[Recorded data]
>>>

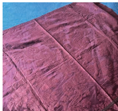
Il parochet realizzato da ebrei sefardite

Di colore viola, il parochet è stato realizzato da un gruppo di ebrei sefardite che 80, 90 anni fa «abitavano a Napoli: erano arrivate bambine o molto giovani da Smir-
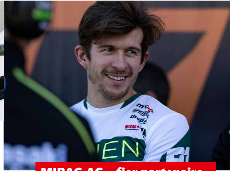
MIBAG AG – fier partenaire de JEREMY SEEWER!

MIBAG AG Systèmes d'énergie CH-8833 Samstagern
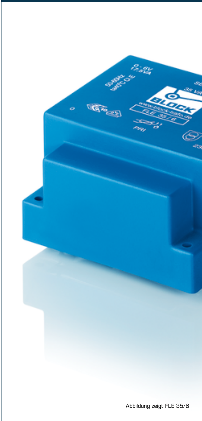
Abbildung zeigt FLE 35/6
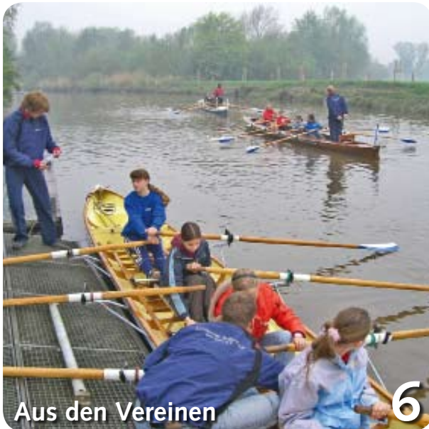
Aus den Vereinen 6
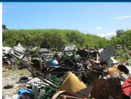
Site avant travaux
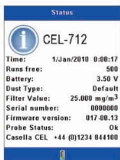
Шаг 1: включите CEL-712
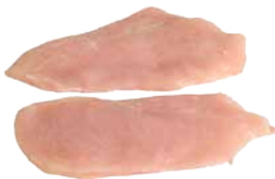
PECHUGA DE POLLO ENTERA/FILETEADA

<<<

→ **How to complete this task**
Wherever a line in the entries above holds "sefardite", copy that line.

→ **Result below**
Il parochet realizzato da ebrei sefardite
Di colore viola, il parochet è stato realizzato da un gruppo di ebrei sefardite che 80, 90 anni fa «abitavano a Napoli: erano arrivate bambine o molto giovani da Smir-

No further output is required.